Charakter:Nachdem er mit Hilfe des Unbekannten seine Erinnerungen mehr oder weniger losgeworden war, ist er nun so wie früher. Seine Freunde , und er hatte viele, denn er ist lieber mit anderen zusammen als allein, schätzen an ihm vor allem seinen freien Willen, seine Fantasie und seinen Optimismus. Denn er ist fast immer optimistisch und gut drauf. Er macht sich nicht viel aus der Vergangenheit und lebt in den Tag hinein.

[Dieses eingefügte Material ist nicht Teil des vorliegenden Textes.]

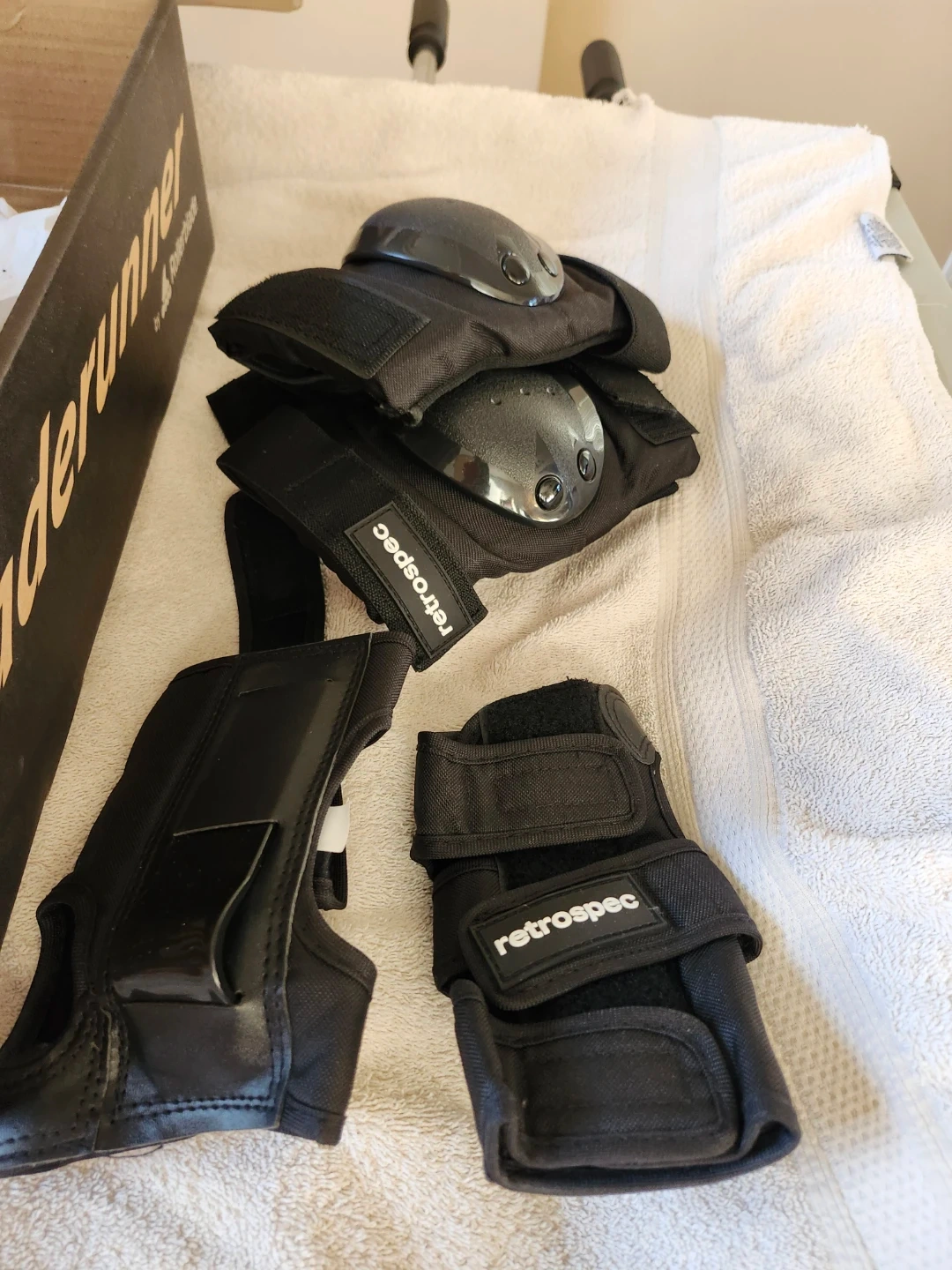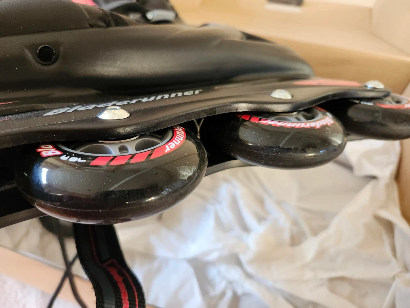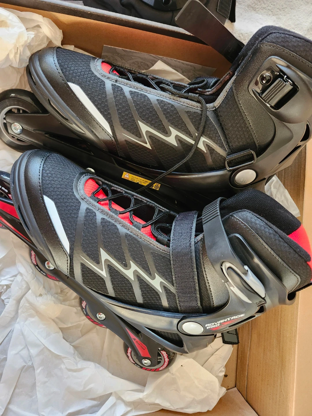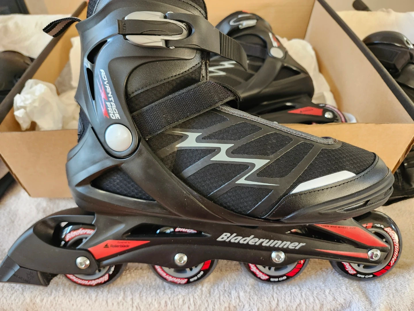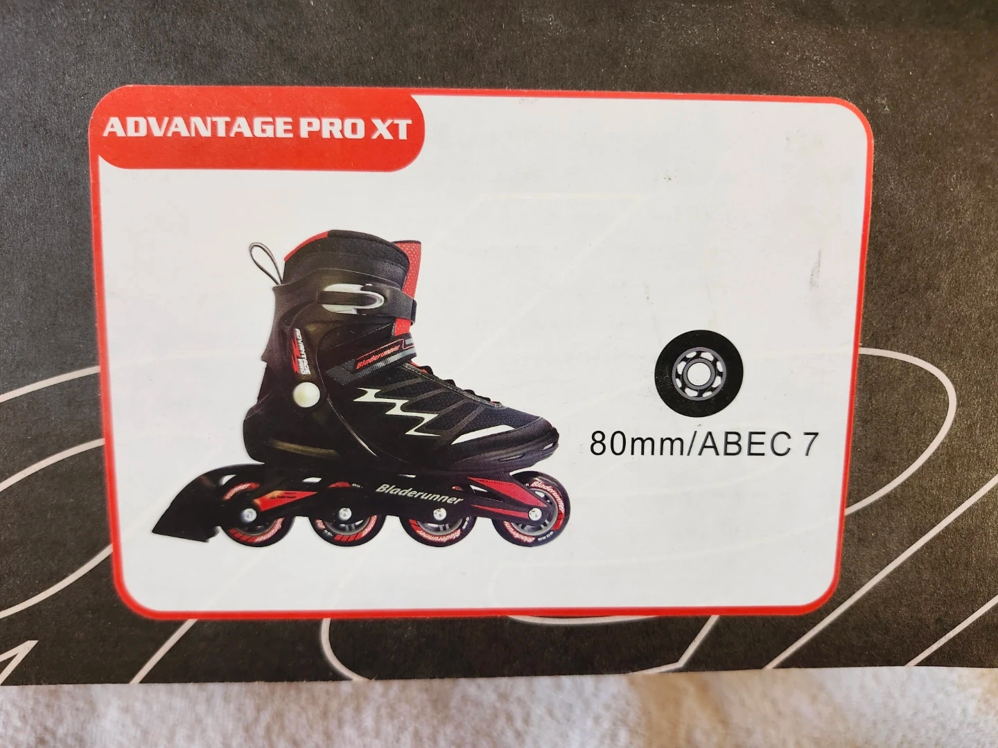 Selling a pair of Bladerunner Advantage Pro XT inline skates! They come with Retrospec knee pads. The skates are black with red and white accents and have 80mm/ABEC 7 wheels. Comes with the original box!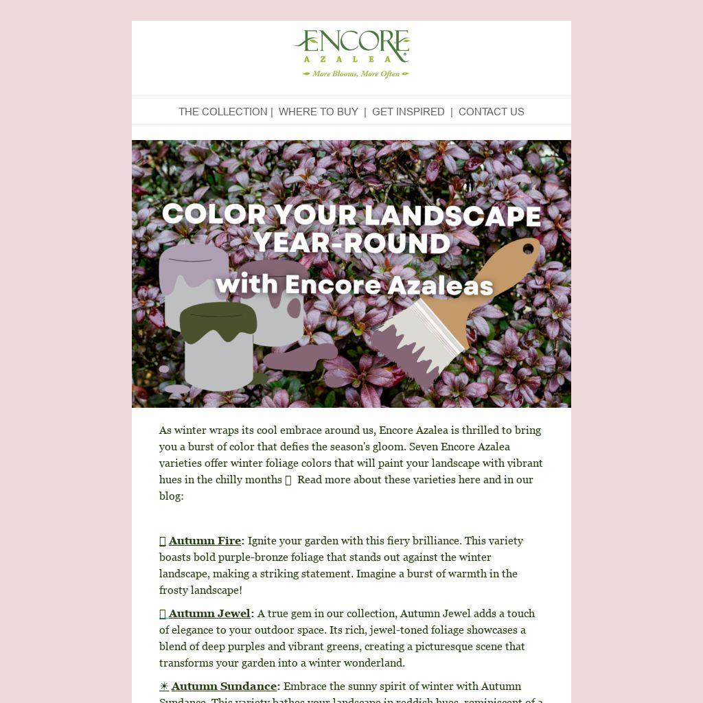As winter wraps its cool embrace around us, Encore Azalea is thrilled to bring you a burst of color that defies the season's gloom. Seven Encore Azalea varieties offer winter foliage colors that will paint your landscape with vibrant hues in the chilly months 🎨 Read more about these varieties here and in our blog:

Wenn man Kanon besser kennt, würde man ihn wahrscheinlich ein wenig...seltsam finden, aber er sieht sich als abwechslungsreich und sympatisch an. Er sucht oft Kontakt zu Menschen, den er reist, wie gesagt , allein obwohl er die Nähe anderer vorzieht. Manchmal ist der Junge ein wenig kindisch und frech aber man kann es ihm nicht übel nehmen, denn schon im nächsten Moment hat er einen mit seinem fröhlichen Lachen schon um den kleinen Finger gewickelt.